Because concordance between children's attachment to mother and attachment to father was high (95% of children had the same two-way classification for both parents), we used only attachment to mother in further analyses to avoid multicollinearity between the independent variables. There was also a moderate correlation between parent attachment anxiety and parent attachment avoidance (r (91) = 0.43, p < 0.001), so two regression models (a and b) were created for each dependent variable.

Predicting glycemic outcomes

When multivariable linear regression models were built to identify independent predictors of average Hb1Ac, HbA1c variability, and TIR, parental attachment anxiety (a) and attachment avoidance (b) were included alternately to avoid multicollinearity in the models. All final models achieved adequate fit. Statistical data for the models is presented in the Additional file 1: Table S2, Additional file 2: Table S3, and Additional file 3: Table S4, and statistically significant results are summarized in the Additional file 4: Table S5.

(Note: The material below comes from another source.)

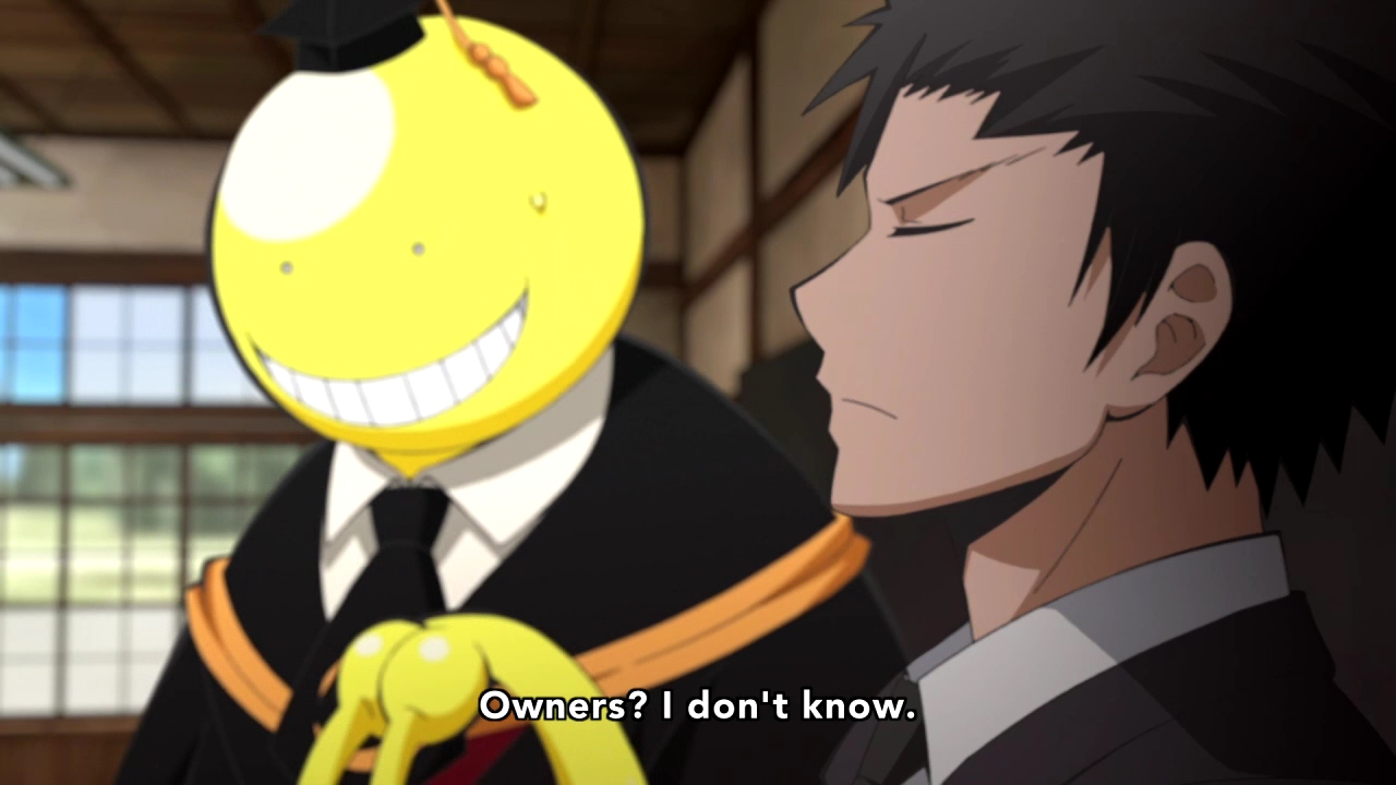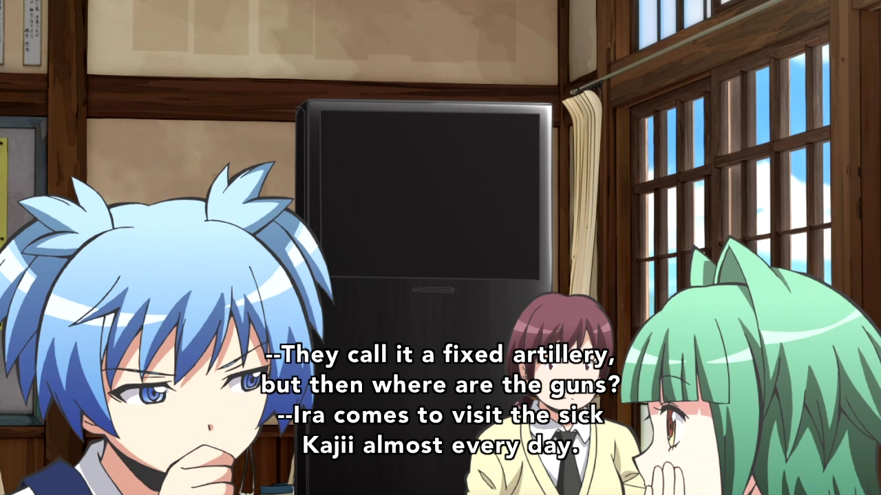 That same night, the men that built her pay a visit and are appalled at the upgrades made and try to fix her, deleting the things that don’t have to do with assassination. Obviously, all these men care about is money and they’ll do whatever to get it. The next day, we see Ritsu as she was the first day she arrived, Karasuma announcing that upgrading her is the same as “harming” her, so Koro-sensei has to back off. The class is worried that the same barrage of bullets is going to happen again, but it turns out that Ritsu disobeyed her master and saved some of the data she deemed having to do with assassination, and kept them somewhere where they couldn’t find it. She retains the same personality and so she officially joins the class.

Predictors of average HbA1c

In predicting the average HbA1c in the 4 years after inclusion Model 1a including ECR-RS anxiety achieved a global predictive power of R2 = 0.27, adjusted R2 = 0.18 (F(10, 78) = 2.981, p = 0.004) and Model 1b including ECR-RS avoidance had a global predictive power of R2 = 0.32, adjusted R2 = 0.24, F(10, 78) = 3.729, p < 0.001 (whole models are presented in Additional file 1: Table S2). Both models showed that a significant predictor of a higher average HbA1c was the older age of the child. The interaction between the child's attachment to the mother and the child's sex was statistically significant in both models. Simple slope analyses revealed that girls who were securely attached at baseline (CAI) had higher average HbA1c than girls who were insecurely attached (Model 1a: B = −0.61, t = −2.07, p = 0.04; Model 1b: B = −0.64, t = -2.25, p = 0.03, shown in Fig. 1). In boys, the opposite but statistically non-significant relationship was observed (Model 1a: B = 8.38, t = 1.39, p = 0.17).

Fig. 1
figure 1

Simple slope analysis for the interaction between child sex and attachment from multivariable regression Models 1a and 1b. Statistically significant results appear in bold

In Model 1b, higher parental attachment avoidance was associated with higher average HbA1c in boys (B = 0.51, t = 2.90, p = 0.005, shown in Fig. 2). For parents with high attachment avoidance (+ 1 SD), boys had higher average HbA1c than girls (B = 0.68, t = 2.34, p = 0.022), whereas for parents with low attachment avoidance (-1 SD), girls had higher average HbA1c than boys (B = −0.52, t = −2.02, p = 0.047).

Fig. 2
figure 2

Simple slope analysis for statistically significant interaction between child sex and parent attachment style (ECR-RS anxiety or ECR-RS avoidance) from multivariable regression Models 1b, 2b, 3a and 3b. Statistically significant results appear in bold. Graphical results for Models 1a and 2a were not calculated because the interactions were not statistically significant

Predictors of HbA1c variability

The final models for predicting HbA1c Variability achieved adequate fit, Model 2a including ECR-RS anxiety with a global predictive power of R2 = 0.23, adjusted R2 = 0.16, F(8, 78) = 2.978 p = 0.006, and Model 2b including ECR-RS avoidance with a global predictive power of R2 = 0.28, adjusted R2 = 0.19, F(9, 77) = 3.299, p = 0.002 (whole models are presented in Additional file 2: Table S3). Both models showed that a significant predictor of higher HbA1c variability was older age of the child. In Model 2a, an independent predictor of higher HbA1c variability was also female sex.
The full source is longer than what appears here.